Attempt once more with completely different voice actors.
Run #2: Attempt completely different voices (Mary for Speaker 1, Carter for Speaker 2)
!python /content material/VibeVoice/demo/inference_from_file.py
--model_path /content material/fashions/VibeVoice-1.5B
--txt_path /content material/my_transcript.txt
--speaker_names Mary Carter
The audio generated was even higher, with background music at first and a easy transition between audio system.
Discovered 9 voice information in /content material/VibeVoice/demo/voices
Accessible voices: en-Alice_woman, en-Carter_man, en-Frank_man, en-Mary_woman_bgm, en-Maya_woman, in-Samuel_man, zh-Anchen_man_bgm, zh-Bowen_man, zh-Xinran_woman
Studying script from: /content material/my_transcript.txt
Discovered 4 speaker segments:
1. Speaker 1
Textual content preview: Speaker 1: Have you ever learn the newest article on KDnuggets?...
2. Speaker 2
Textual content preview: Speaker 2: Sure, it is the most effective sources for information science and AI....
3. Speaker 1
Textual content preview: Speaker 1: I like how KDnuggets all the time retains up with the newest developments....
4. Speaker 2
Textual content preview: Speaker 2: Completely, it is a go-to platform for anybody within the AI neighborhood....
Speaker mapping:
Speaker 2 -> Carter
Speaker 1 -> Mary
Speaker 1 ('Mary') -> Voice: en-Mary_woman_bgm.wav
Speaker 2 ('Carter') -> Voice: en-Carter_man.wav
Loading processor & mannequin from /content material/fashions/VibeVoice-1.5B
Tip: In case you are uncertain which names can be found, the script prints “Accessible voices:” on startup.
Widespread ones embody:
en-Alice_woman, en-Carter_man, en-Frank_man, en-Mary_woman_bgm, en-Maya_woman, in-Samuel_man, zh-Anchen_man_bgm, zh-Bowen_man, zh-Xinran_woman
# Troubleshooting
// 1. Repo Doesn’t Have Demo Scripts?
The official Microsoft VibeVoice repository has been pulled and reset.
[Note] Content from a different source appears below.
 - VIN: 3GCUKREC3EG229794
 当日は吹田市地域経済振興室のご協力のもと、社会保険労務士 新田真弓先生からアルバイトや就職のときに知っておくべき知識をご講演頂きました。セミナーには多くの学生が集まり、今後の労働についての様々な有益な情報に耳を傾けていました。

Group stories point out that some code and demos have been eliminated or are not accessible within the authentic location. For those who discover that the official repository is lacking inference examples, please verify a neighborhood mirror or archive that has preserved the unique demos and directions: https://github.com/vibevoice-community/VibeVoice
// 2. Sluggish Era or CUDA Errors in Colab
Confirm you might be on a GPU runtime: Runtime → Change runtime sort → {Hardware} accelerator: GPU (T4 or any obtainable GPU).
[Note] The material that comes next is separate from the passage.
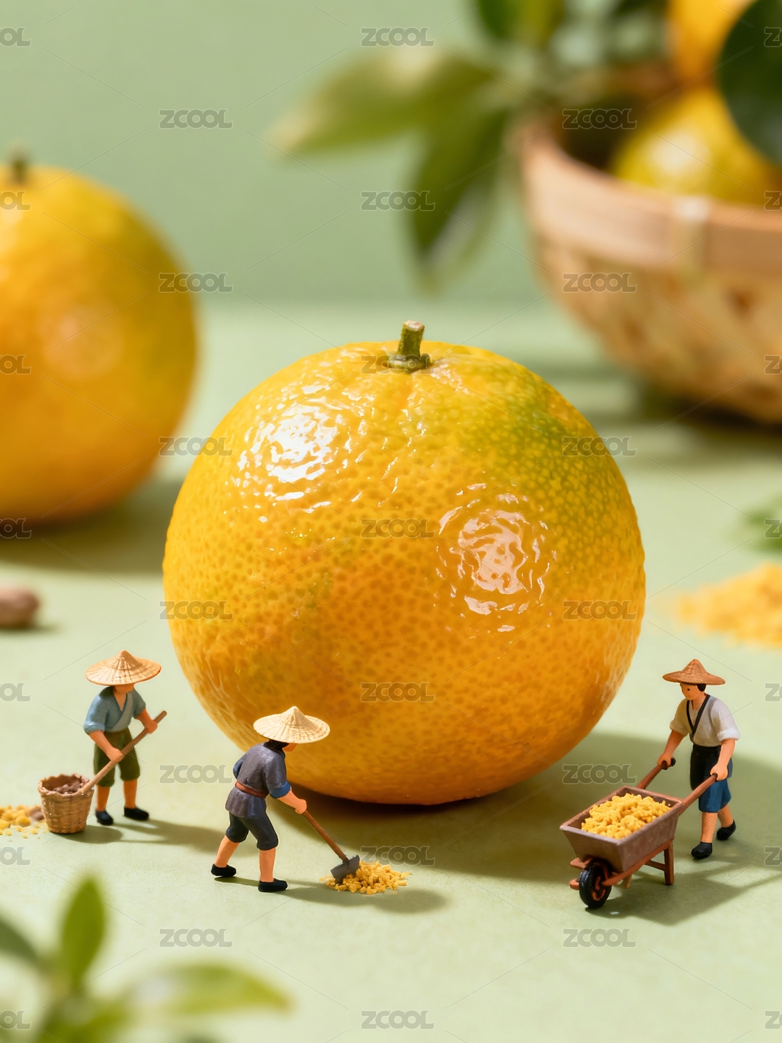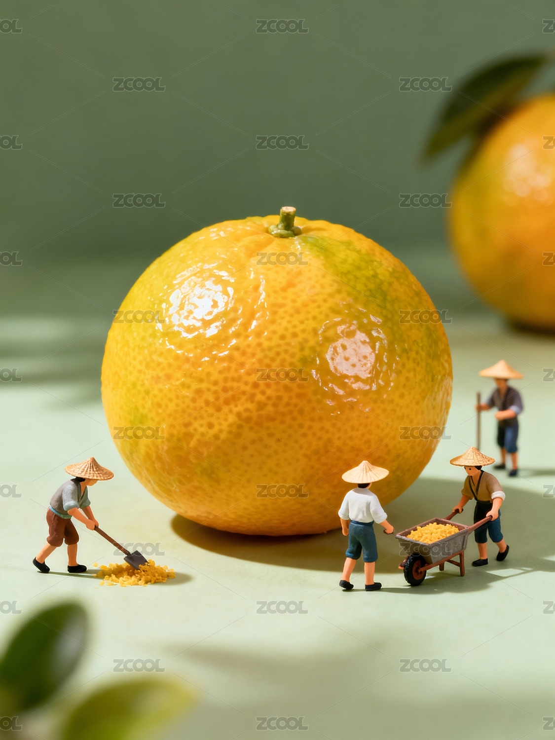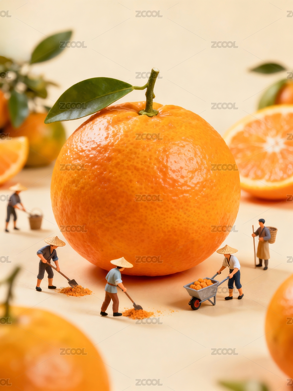 橙子周围劳作的小人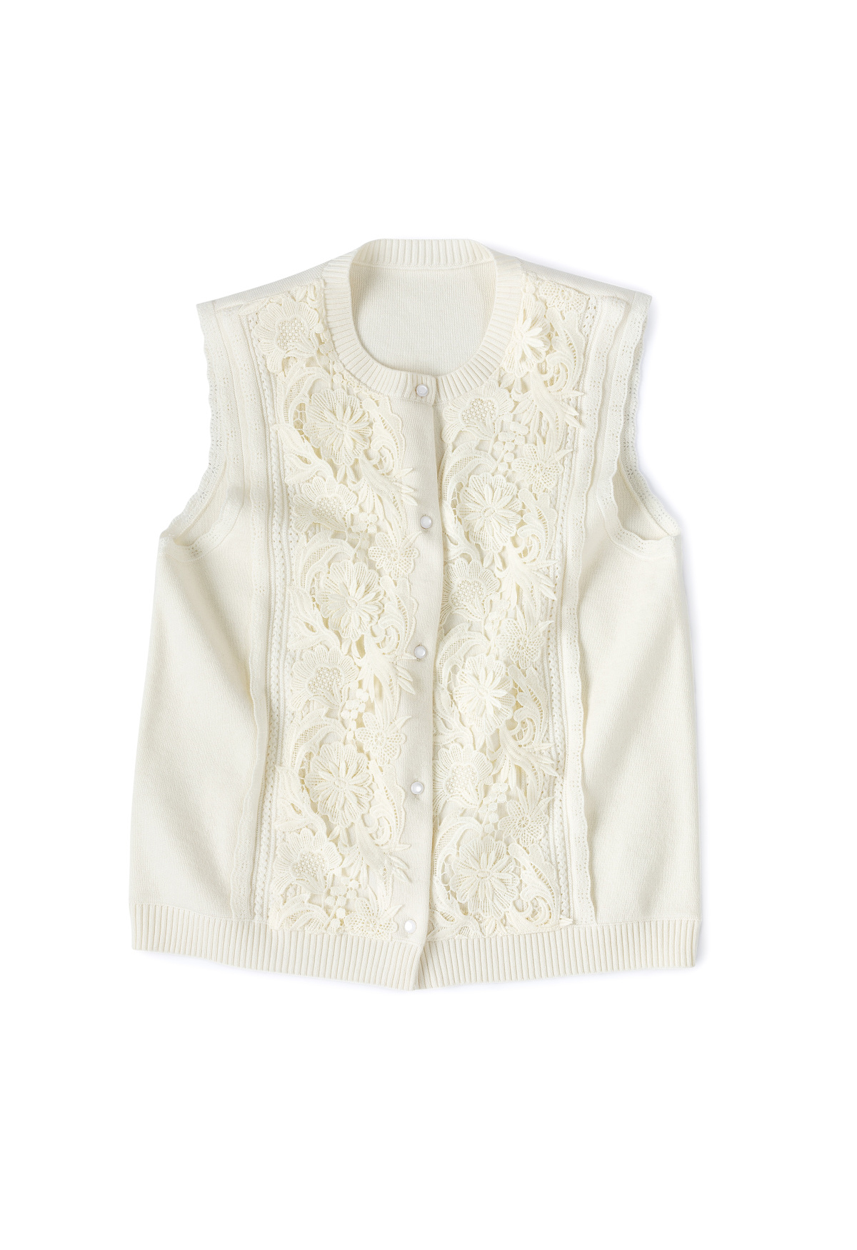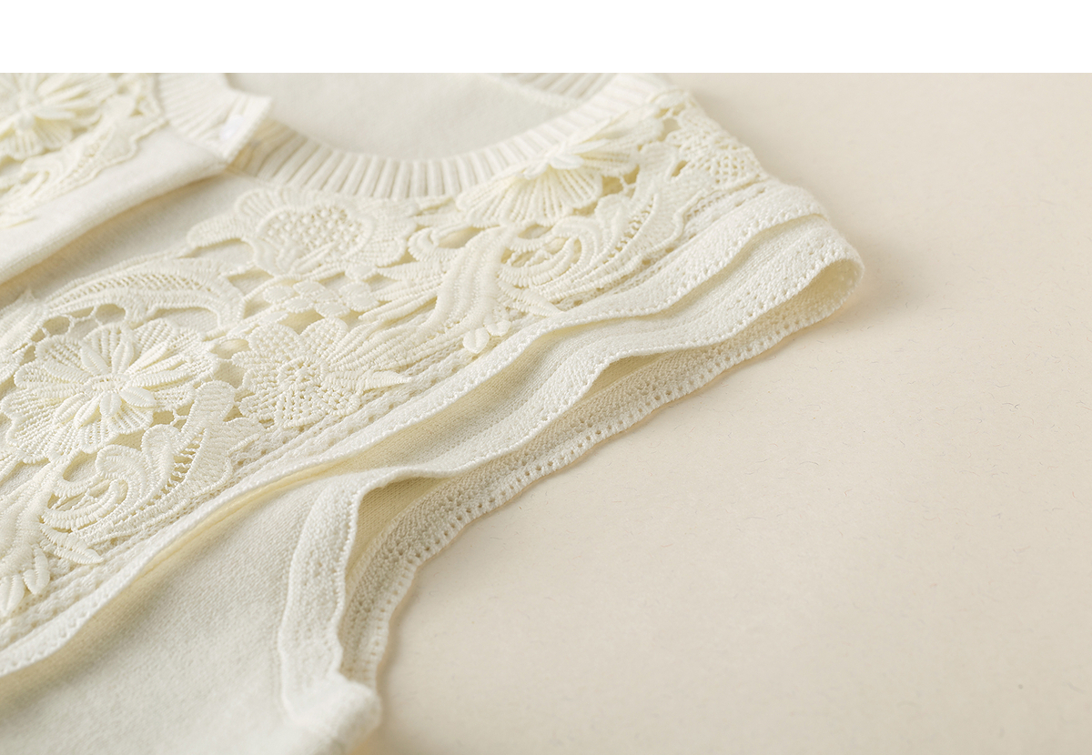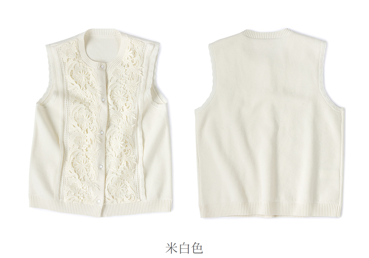 【林栖设计小店】花间来信|米白色镂空肌理绣花2026春新款优雅毛织马甲G1961393

// 3. CUDA OOM (Out of Reminiscence)
To attenuate the load, you possibly can take a number of steps. Start by shortening the enter textual content and lowering the era size. Contemplate reducing the audio pattern fee and/or adjusting inside chunk sizes if the script permits it. Set the batch measurement to 1 and go for a smaller mannequin variant.
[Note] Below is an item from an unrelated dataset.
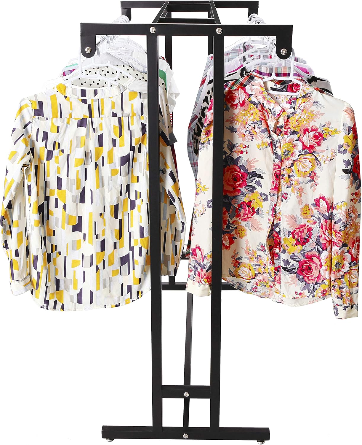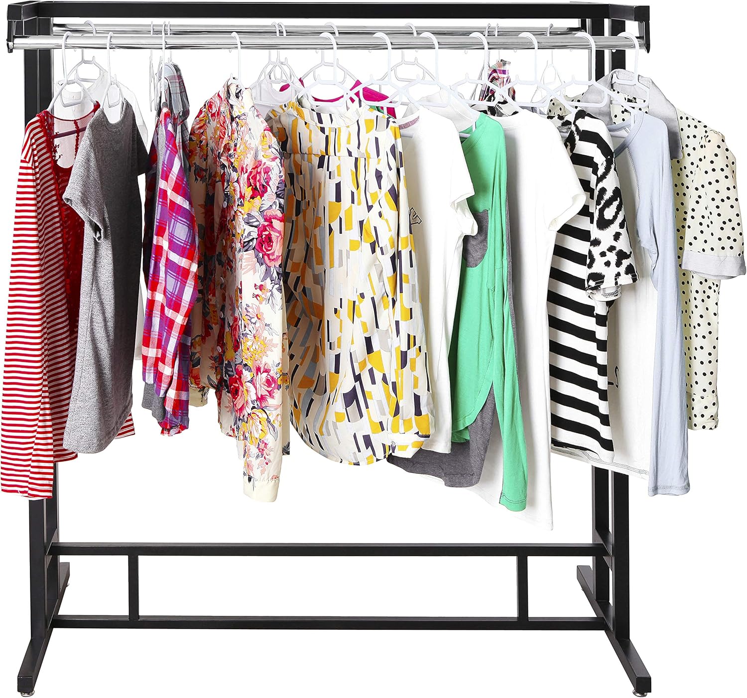 MyGift Black Stainless Steel Freestanding Garment Rack, Heavy Duty Double Rod Clothes Rack Clothing Hanger Stand with Storage Display Shelf
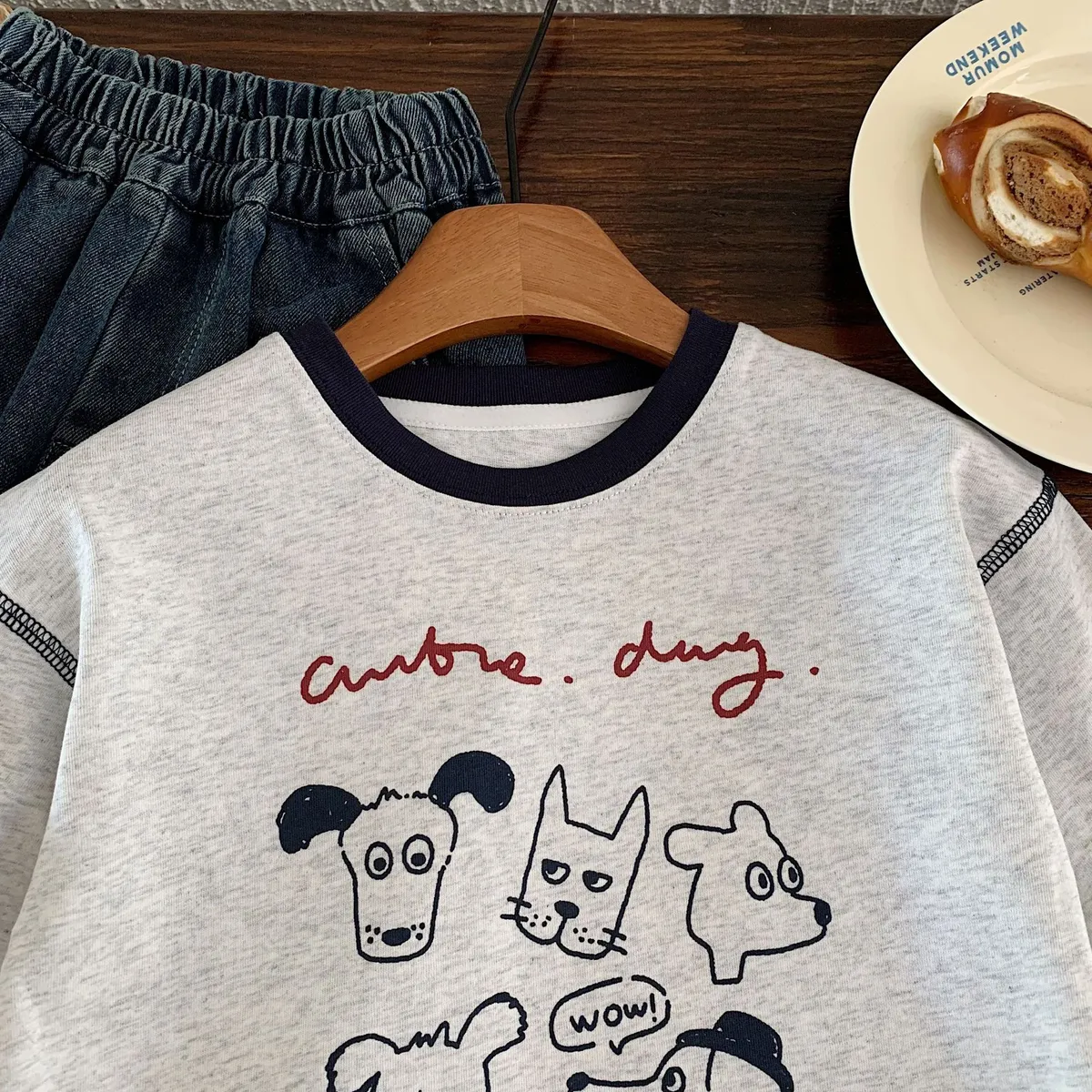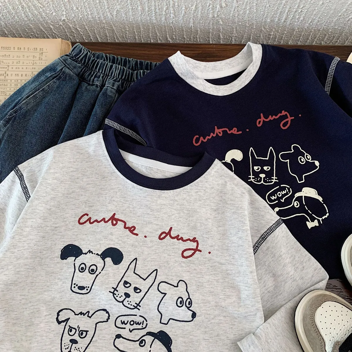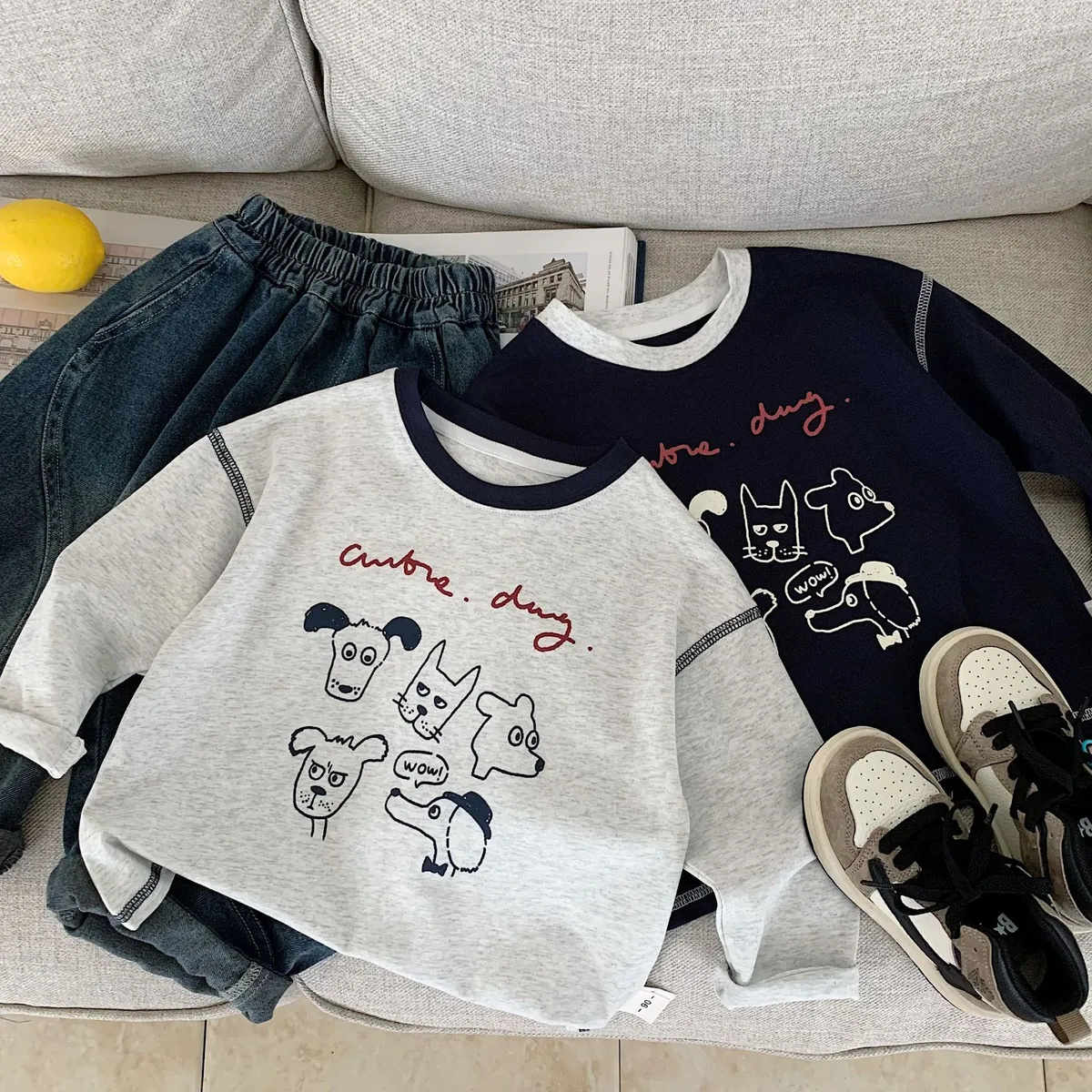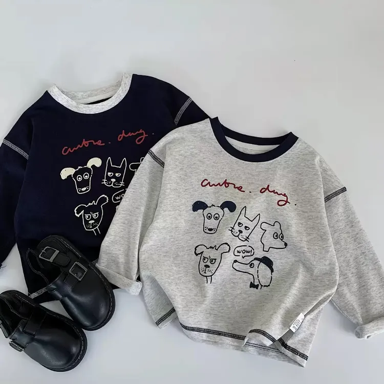 [90-130碼]日常手繪風狗狗印花明線上衣-2色

// 4. No Audio or Lacking Outputs Folder
The script sometimes prints the ultimate output path within the console; scroll as much as discover the precise location
discover /content material -name "*generated.wav"
// 5. Voice Names Not Discovered?
Copy the precise names listed below Accessible voices. Use the alias names (Alice, Frank, Mary, Carter) proven within the demo. They correspond to the .wav
property.
# Remaining Ideas
For a lot of initiatives, I might select an open-source stack like VibeVoice over paid APIs on account of a number of compelling causes. At first, it’s straightforward to combine and presents flexibility for personalization, making it appropriate for a variety of purposes. Moreover, it’s surprisingly mild on GPU necessities, which is usually a important benefit in resource-constrained environments.
VibeVoice is open supply, which means that sooner or later, you possibly can count on higher frameworks that allow quicker era even on CPUs.
Abid Ali Awan (@1abidaliawan) is a licensed information scientist skilled who loves constructing machine studying fashions. At present, he’s specializing in content material creation and writing technical blogs on machine studying and information science applied sciences. Abid holds a Grasp’s diploma in expertise administration and a bachelor’s diploma in telecommunication engineering. His imaginative and prescient is to construct an AI product utilizing a graph neural community for college kids scuffling with psychological sickness.